My guess is that there are many humble people who work all their lives to support their families and who never reach a point where they ask "Is that all there is?" Are they better or worse than the ambitious who set lofty goals, which when they achieve them wonder if it was all worthwhile? For myself, I set out long ago to become "wise," and pursued wisdom through education. At the university I discovered that there was a wide range of opinion as to what constituted wisdom, and I found the study of literature the most appealing path, as the study of literature offered to combine knowledge with pleasure. Now I know a little bit about a number of things, and am completely ignorant about a great many more. I have opinions that seem wise to me - often consisting of statements that go "on the one hand . . . but on the other hand" - but that are often met with cheery rebuttals, as others have come to different conclusions. I do find Proust's solution of listening to great works of art pleasant and consoling, but my wisest conclusion is that wisdom is different things to different people. I have enough money to live comfortably in retirement, but I can't preach disregard of money to those who haven't enough of it to meet their basic needs, or to support those whom they love. Still, there are many more who over-value personal wealth. They do so, I think, as a hedge against an exaggerated fear of becoming destitute. Or, like our President, they take wealth as the ultimate measure of self-worth. And too many admire the wealthy precisely for this reason. Others seek a kind of immortality in personal fame -" that last infirmity of noble mind" - but bolstered by the lessons of great literature, I am sure that those who do so are not wise.

Tim Smith's picture

Tim Smith

Sunday, March 8, 2020 -- 5:22 PM

I can't say how much I love

I can't say how much I love this poem.

Awesome blog and show. I listened to this in 2017 and now with Ken's passing each of these re-runs becomes all the more weighty.

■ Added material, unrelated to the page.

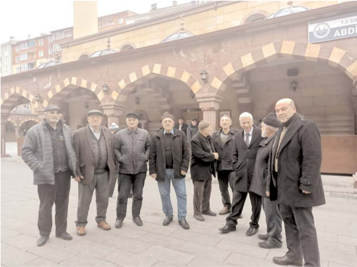
Mevlid programı Abdibey Camiinde yapıldı.

I booked a flight to be there for Ken's commemoration only to see the Coronavirus cancellation. I look forward to making that when it becomes reality.

Ithaka may have prompted the journey but I truly feel there is no you to give it to. It was ironic during the show that Keiran went halfway there when a caller invoked a Soul meme to answer Mid Life crisis (Ken had a deep breath.) I don't find the secular answers any less preachy without coming to terms with our lack of free will and a reframe of human agency. I could say more but ... it's a problem with few cross-bearers.

Thanks for this blog and show.

Karen Dunn's picture

Karen Dunn

Thursday, March 12, 2020 -- 10:52 PM

If you imagine the experience

If you imagine the experience of meaning is related to ego satisfaction you will inevitably be disappointed.

The experience of meaning is finding a true or unique connection between things, people, ideas or some combo of these. Often, closing a gap between what we need and getting it is associated with meaningful behavior because this is one of our earliest and most rewarding experience of meaning but this is rudimentary. There are so many ways to open your eyes, ears and mind to mysteries and otherness. Curiosity, not striving, is the root of the egos experience of meaning.

I enjoy William James and John Dewey;, The Meaning of Truth, The Moral Philosopher and Moral Life and Theory of Valuation.